Pulmonary edema is swelling and/or fluid accumulation in the lungs. It leads to impaired gas exchange and may cause respiratory failure. It is due to either failure of the heart to remove fluid from the lung circulation, or due to a direct insult to the lung parenchyma. Treatment depends on the cause, but focuses on maximizing respiratory function and removing the cause.
Signs and symptoms
Symptoms of pulmonary edema include difficulty breathing, coughing up blood, excessive sweating, anxiety and pale skin.

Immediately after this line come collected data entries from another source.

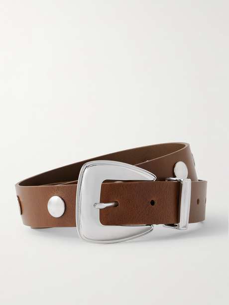 Quelques accessoires triés sur le volet sont indispensables à toute garde-robe bien pensée. La ceinture Perth de The Frankie Shop est réalisée en Italie à partir de cuir vieilli et ornée de clous argentés, assortis à sa boucle de fermeture à l’esprit western.
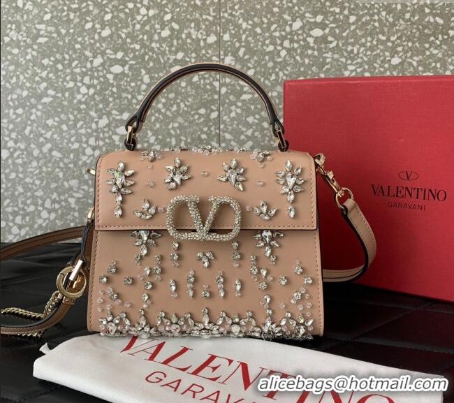 Top Quality Valentino VSLING Mini Embroidered Bag with set-in strass appliques 0063 Light Pink 2025
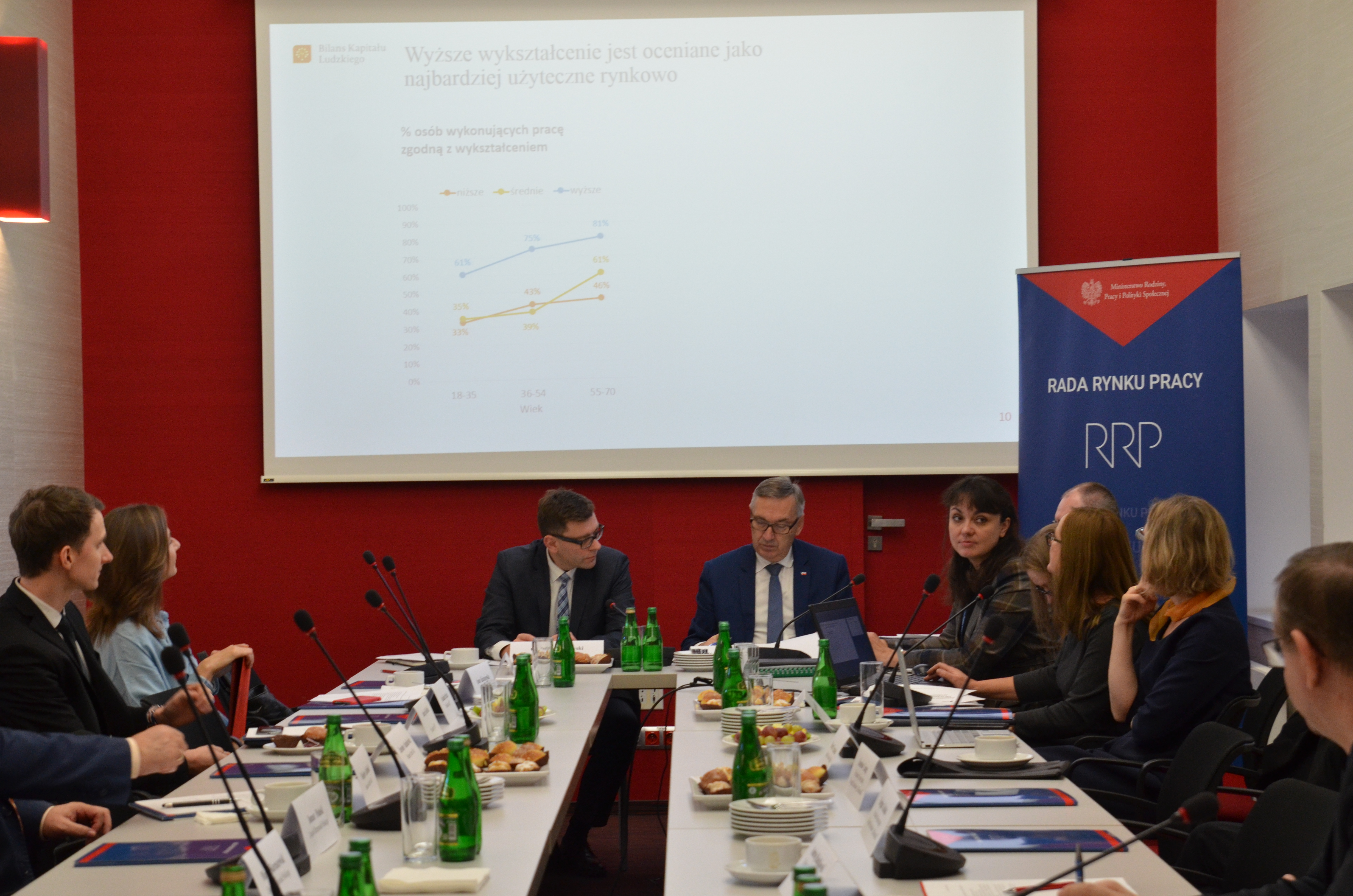 Podczas posiedzenia Rady Rynku Pracy prezentacje przedstawili przedstawiciele resortu pracy oraz zaproszeni goście - dr Barbara Worek z Uniwersytetu Jagiellońskiego oraz Maja Dobrzyńska z Polskiej Agencji Rozwoju Przedsiębiorczości. Po każdym punkcie porządku obrad miała miejsce krótka dyskusja pomiędzy członkami RRP, a przedstawicielami Ministerstwa Rodziny, Pracy i Polityki Społecznej.

If left untreated, it can lead to coma and even death, generally due to its main complication of hypoxia.
If pulmonary edema has been developing gradually, symptoms of fluid overload may be elicited. These include nocturia (frequent urination at night), ankle edema (swelling of the legs, generally of the “pitting” variety), orthopnea (inability to lie down flat due to breathlessness) and paroxysmal nocturnal dyspnea (episodes of severe sudden breathlessness at night).
Pulmonary edema is generally suspected due to findings in the medical history of a patient, such as previous cardiovascular disease, and physical examination: end-inspiratory crackles (sounds heard at the end of a deep breath) on auscultation (listening to the breathing through a stethoscope) are characteristic for pulmonary edema. The presence of a third heart sound (S3) is predictive of cardiogenic pulmonary edema.
Blood tests are generally performed for electrolytes (sodium, potassium) and markers of renal function (creatinine, urea). Liver enzymes, inflammatory markers (usually C-reactive protein) and a complete blood count, as well as coagulation studies (PT, aPTT) are typically requested. B-type natriuretic peptide (BNP) is available in many hospitals, especially in the US, sometimes even as a point-of-care test. Low levels of BNP (<100 pg/ml) make a cardiac cause very unlikely.
The diagnosis is confirmed on X-ray of the lungs, which shows increased fluid in the alveolar walls. Kerley B lines, increased vascular filling, pleural effusions, upper lobe diversion (increased blood flow to the higher parts of the lung) may be indicative of cardiogenic pulmonary edema, while patchy alveolar infiltrates with air bronchograms are more indicative of noncardiogenic edema.
Low oxygen saturation and disturbed arterial blood gas readings may strengthen the diagnosis and provide grounds for various forms of treatment. If urgent echocardiography is available, this may strengthen the diagnosis, as well as identify valvular heart disease. In rare occasions, insertion of a Swan-Ganz catheter may be required to distinguish between the two main forms of pulmonary edema.
Pulmonary edema is either due to direct damage to the tissue or as a result of inadequate functioning of the heart or circulatory system.
• Congestive heart failure
• Severe heart attack with left ventricular failure
• Severe arrhythmias (tachycardia/fast heartbeat or bradycardia/slow heartbeat)
• Hypertensive crisis
• Pericardial effusion with tamponade
• Fluid overload, e.g. from kidney failure
This form is contiguous with ARDS (acute respiratory distress syndrome):
• Inhalation of toxic gases
• Multiple blood transfusions
• Severe infection
• Pulmonary contusion, i.e. high-energy trauma
• Multitrauma, e.g. severe car accident
• Neurogenic, e.g. subarachnoid hemorrhage
• Aspiration, e.g. gastric fluid or in case of drowning
• Certain types of medication
• Upper airway obstruction
• Reexpansion, i.e. postpneumonectomy or large volume thoracentesis
• Reperfusion injury, i.e. postpulmonary thromboendartectomy or lung transplantation
• Ascent to high altitude occasionally causes high altitude pulmonary edema (HAPE)
Focus is initially on maintaining adequate oxygenation. This may happen with high-flow oxygen, noninvasive ventilation (either continuous positive airway pressure (CPAP) or variable positive airway pressure (VPAP) or mechanical ventilation in extreme cases.
When circulatory causes have led to pulmonary edema, treatment with intravenous nitrates (glyceryl trinitrate), and loop diuretics, such as furosemide or bumetanide, is the mainstay of therapy. These improve both preload and afterload, and aid in improving cardiac function.
There are no causal therapies for direct tissue damage; removal of the causes (e.g. treating an infection) is the most important measure.